Comment Re:Ridiculous argument (Score 2, Insightful) 308
Now let's look at your examples : -> a perfectly flat desert : LOW entropy. Perhaps a bit higher than a not-quite-flat-but-looking-flat desert, but defineately LOW entropy.
Nope. It's the other way around. When you can't find a pattern, it's high entropy. The desert in this example is not a flat monomolecular sheet, it's white noise of sand. You don't get much higher entropy than this.
Therefore it is not made by an intelligence. (according to this measure)
You can't possibly make that deduction based on the entropy level. Intelligence can obviously create objects with either high or low entropy.
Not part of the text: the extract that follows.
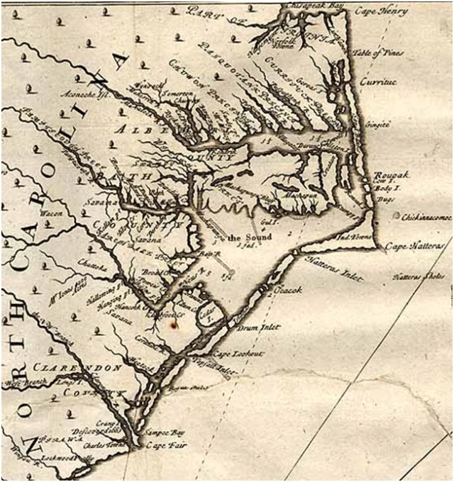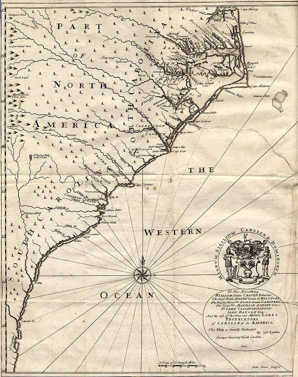 In his book, “A New Voyage to Carolina,” published in 1709, but compiled over the prior decade, John Lawson describes the colony’s flora and fauna and its various groups of American Indians. Lawson also publishes a map of Carolina.

-> The surface of most gas planets : LOW entropy (obviously). Compare it to earth's ocean floor. It is mostly very, very flat. When a robot is standing on the ocean floor, he will see kilometers of perfectly flat dark terrain. The only real features, like volcanoes or sunken ships, come from external activity with high entropy (though not necessarily intelligence) That terrain does not have instabilities. It has very, very LOW entropy.
Same thing here. You completely misunderstood what entropy is.
Therefore you can conclude it not to be man-made. You'd conclude the ships to be intelligently-made, which is correct, but you'd also call the volcanoes intelligently-made which is not correct. Unless the zulus are right and we better start throwing women into volcanoes to placate the volcano god, that is.
You can't conclude anything. Especially when you don't have a clue of what entropy is.
Now let's take another example.
Let's not. Instead, read up entropy, and then, maybe, start discussing the subject matter.